→ **Exercise directions**: Pictures do not belong in the copy; quote every entry below exactly.
------------------------------------------------
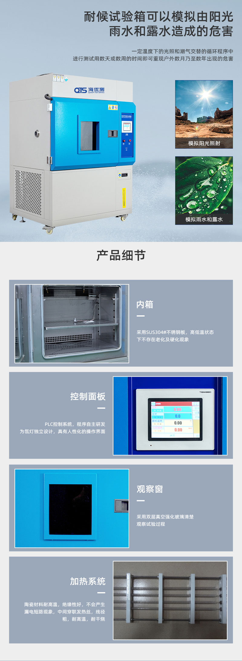 1. 滿足各種材料、半成品、成品,進行模擬大氣環境中,受陽紫外線照謝時的外觀變化,一般認為在50℃下測試9小時,理論上相當于暴露在大氣中6個月。
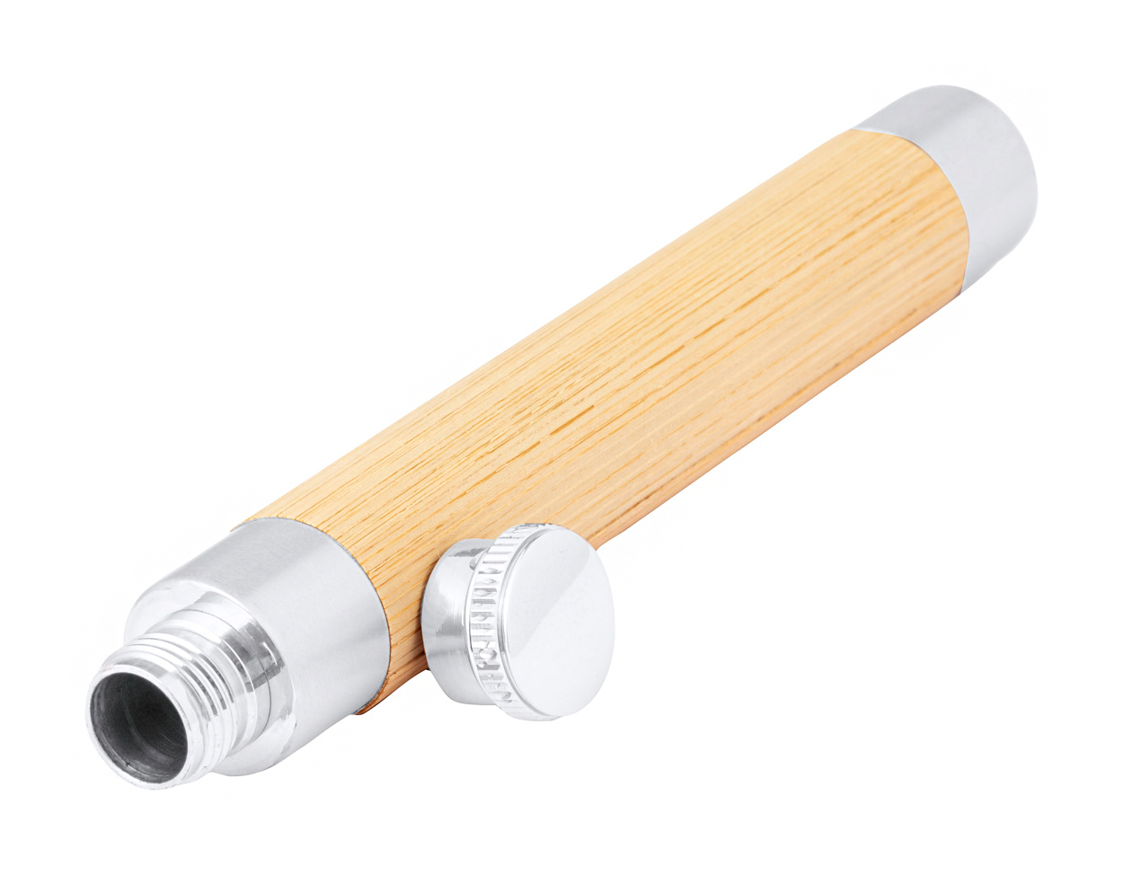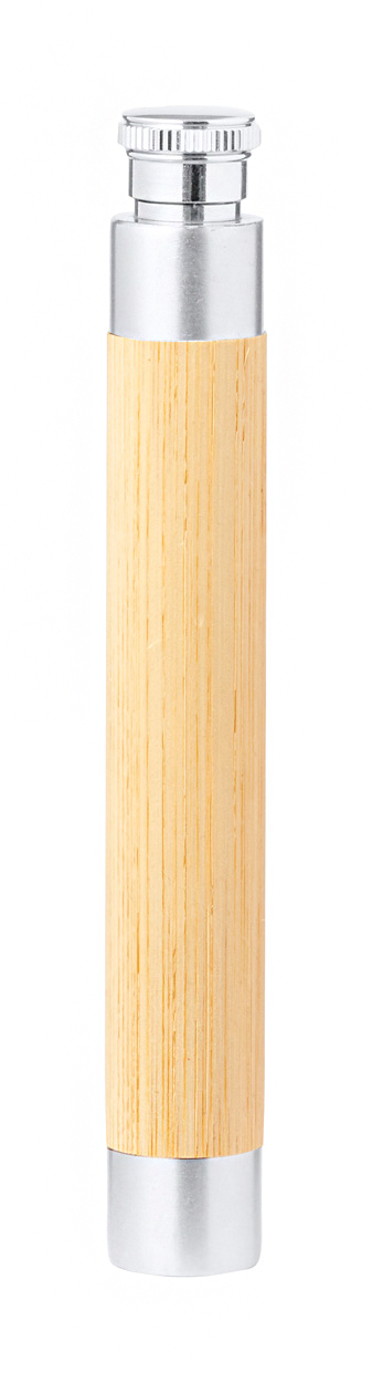 Piersiówka ze stali nierdzewnej z nakładką bambusową, 45 ml.
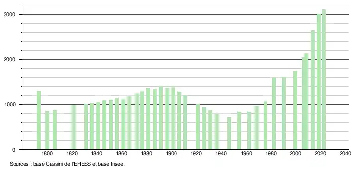 L'évolution du nombre d'habitants est connue à travers les recensements de la population effectués dans la commune depuis 1793. Pour les communes de moins de 10 000 habitants, une enquête de recensement portant sur toute la population est réalisée tous les cinq ans, les populations de référence des années intermédiaires étant quant à elles estimées par interpolation ou extrapolation[34]. Pour la commune, le premier recensement exhaustif entrant dans le cadre du nouveau dispositif a été réalisé en 2008[35].
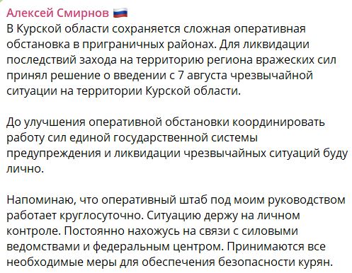 В Курской области объявлен режим чрезвычайной ситуации на фоне сложной оперативной обстановка в приграничных районах, заявил Алексей Смирнов в своем телеграм-канале.
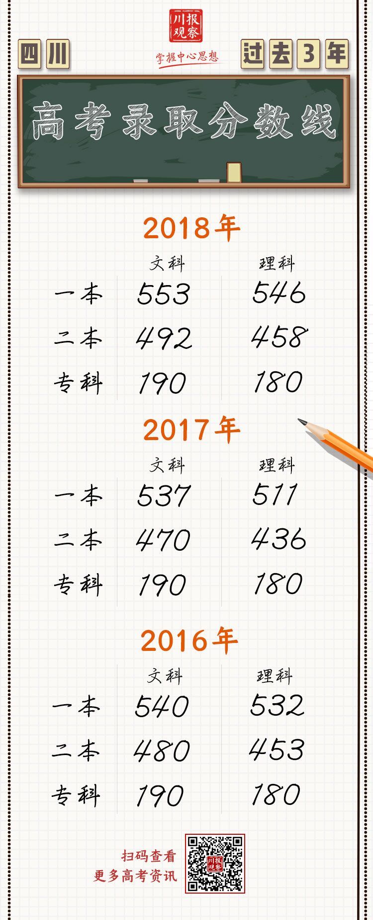 一图看清:四川过去3年高考录取分数线是多少?
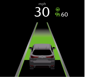 If a vehicle ahead is detected while traveling at a constant speed, the system switches to headway control. The vehicle ahead indication is displayed on the screen while in headway control.
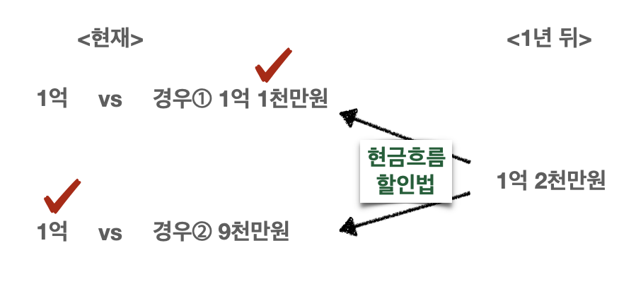 현금흐름 할인법에 따라 계산한 1년 뒤의 1억 2천만원이 오늘의 1억 1천만원과 같다면(경우①), 오늘 1억을 받는 것보다 미래의 1억 2천(즉, 오늘의 1억1천)만원을 선택하는 것이 이득일 겁니다.
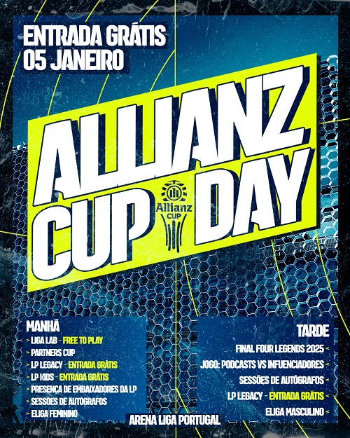 Na antecâmara da Final Four da Allianz CUP, que vai decorrer em Leiria, entre 6 e 11 de janeiro, com FC Porto, SC Braga, SL Benfica e Sporting CP na luta pelo título de Campeão de Inverno, o Arena Liga Portugal recebe no domingo, dia 5 de janeiro, a segunda edição da Taça Liga Portugal Legends, integrada no Allianz CUP DAY.
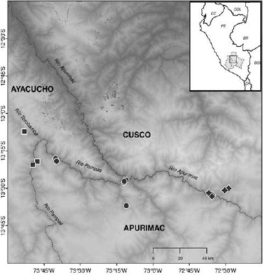 Nuestro conocimiento florístico del sistema de BSI del Apurímac está principalmente basado en estudios realizados en el mismo valle del Apurímac. Sin embargo, los BSI en esta región se extienden a todos los tributarios de este río, entre los 1 000 y 2 900 msnm (Linares-Palomino, 2013). Ante este escenario de información escasa para un ecosistema con altos niveles de fragmentación y amenazado globalmente (DRYFLOR et al., 2016), nuestro estudio evaluó la situación actual, en términos de diversidad, composición y estructura vegetal de los BSI de valles alejados del río Apurímac (ríos Torobamba y Pampas). En base a estos datos analizamos las relaciones florísticas de estos valles con otros parches de bosques secos en el sistema de valles del Apurímac para identificar subgrupos vegetacionales que tendrían su origen en el patrón ecológico y biogeográfico denominado decaimiento de la similitud de comunidades con la distancia geográfica (Nekola & White, 1999; Morlon et al., 2008). Este patrón biogeográfico aplicado a nuestra área de estudio nos sugiere que el valle del Apurímac conformaría el centro de diversidad del sistema de BSI del Apurímac, y que parches de BSI alejados y a mayor altitud de este núcleo central serían más paupérrimos en términos de diversidad. Los objetivos de este trabajo fueron 1) describir la vegetación de parches de bosques seco interandino poco conocidos, 2) evaluar si los bosques del sistema de valles secos del Apurímac constituyen una unidad homogénea o si existen subgrupos vegetacionales y finalmente 3) evaluar el estado de conservación de estos bosques para proponer acciones necesarias para su manejo.
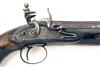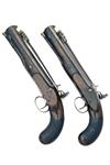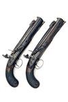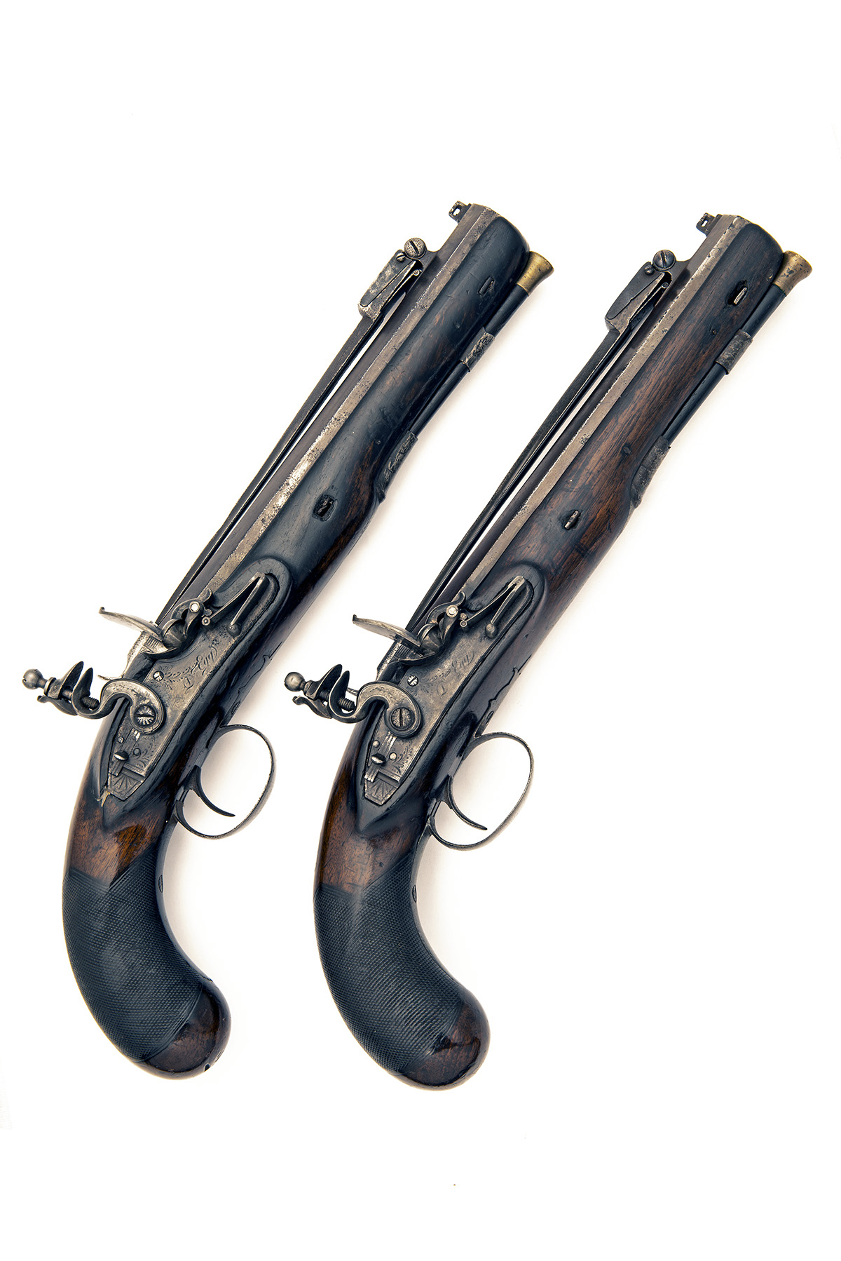 circa 1800, with octagonal 8 5/8in. barrels, the top-flats signed in script 'D. EGG, LONDON (rubbed), concave faced triangular cross-section iron bayonets mounted to the barrels with tang release, slightly curved flat bevel-edged locks signed 'D. EGG', stepped tails, sliding safes behind the cocks, semi-rainproof pans, roller frizzens, walnut full-stocks with chequered bag-shaped butts, iron furniture and brass tipped mahogany ramrods
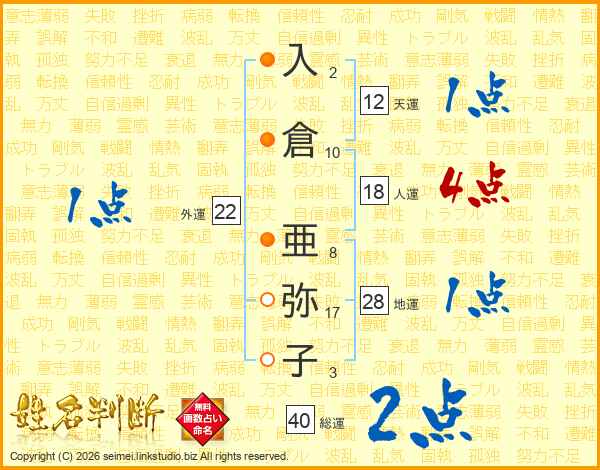 入倉亜弥子さんの総運は40画の2点!
------------------------------------------------
→ **Answer box**:
 1. 滿足各種材料、半成品、成品,進行模擬大氣環境中,受陽紫外線照謝時的外觀變化,一般認為在50℃下測試9小時,理論上相當于暴露在大氣中6個月。
 Piersiówka ze stali nierdzewnej z nakładką bambusową, 45 ml.
 L'évolution du nombre d'habitants est connue à travers les recensements de la population effectués dans la commune depuis 1793. Pour les communes de moins de 10 000 habitants, une enquête de recensement portant sur toute la population est réalisée tous les cinq ans, les populations de référence des années intermédiaires étant quant à elles estimées par interpolation ou extrapolation[34]. Pour la commune, le premier recensement exhaustif entrant dans le cadre du nouveau dispositif a été réalisé en 2008[35].
 В Курской области объявлен режим чрезвычайной ситуации на фоне сложной оперативной обстановка в приграничных районах, заявил Алексей Смирнов в своем телеграм-канале.
 一图看清:四川过去3年高考录取分数线是多少?
 If a vehicle ahead is detected while traveling at a constant speed, the system switches to headway control. The vehicle ahead indication is displayed on the screen while in headway control.
 현금흐름 할인법에 따라 계산한 1년 뒤의 1억 2천만원이 오늘의 1억 1천만원과 같다면(경우①), 오늘 1억을 받는 것보다 미래의 1억 2천(즉, 오늘의 1억1천)만원을 선택하는 것이 이득일 겁니다.
 Na antecâmara da Final Four da Allianz CUP, que vai decorrer em Leiria, entre 6 e 11 de janeiro, com FC Porto, SC Braga, SL Benfica e Sporting CP na luta pelo título de Campeão de Inverno, o Arena Liga Portugal recebe no domingo, dia 5 de janeiro, a segunda edição da Taça Liga Portugal Legends, integrada no Allianz CUP DAY.
 Nuestro conocimiento florístico del sistema de BSI del Apurímac está principalmente basado en estudios realizados en el mismo valle del Apurímac. Sin embargo, los BSI en esta región se extienden a todos los tributarios de este río, entre los 1 000 y 2 900 msnm (Linares-Palomino, 2013). Ante este escenario de información escasa para un ecosistema con altos niveles de fragmentación y amenazado globalmente (DRYFLOR et al., 2016), nuestro estudio evaluó la situación actual, en términos de diversidad, composición y estructura vegetal de los BSI de valles alejados del río Apurímac (ríos Torobamba y Pampas). En base a estos datos analizamos las relaciones florísticas de estos valles con otros parches de bosques secos en el sistema de valles del Apurímac para identificar subgrupos vegetacionales que tendrían su origen en el patrón ecológico y biogeográfico denominado decaimiento de la similitud de comunidades con la distancia geográfica (Nekola & White, 1999; Morlon et al., 2008). Este patrón biogeográfico aplicado a nuestra área de estudio nos sugiere que el valle del Apurímac conformaría el centro de diversidad del sistema de BSI del Apurímac, y que parches de BSI alejados y a mayor altitud de este núcleo central serían más paupérrimos en términos de diversidad. Los objetivos de este trabajo fueron 1) describir la vegetación de parches de bosques seco interandino poco conocidos, 2) evaluar si los bosques del sistema de valles secos del Apurímac constituyen una unidad homogénea o si existen subgrupos vegetacionales y finalmente 3) evaluar el estado de conservación de estos bosques para proponer acciones necesarias para su manejo.
 circa 1800, with octagonal 8 5/8in. barrels, the top-flats signed in script 'D. EGG, LONDON (rubbed), concave faced triangular cross-section iron bayonets mounted to the barrels with tang release, slightly curved flat bevel-edged locks signed 'D. EGG', stepped tails, sliding safes behind the cocks, semi-rainproof pans, roller frizzens, walnut full-stocks with chequered bag-shaped butts, iron furniture and brass tipped mahogany ramrods
 入倉亜弥子さんの総運は40画の2点!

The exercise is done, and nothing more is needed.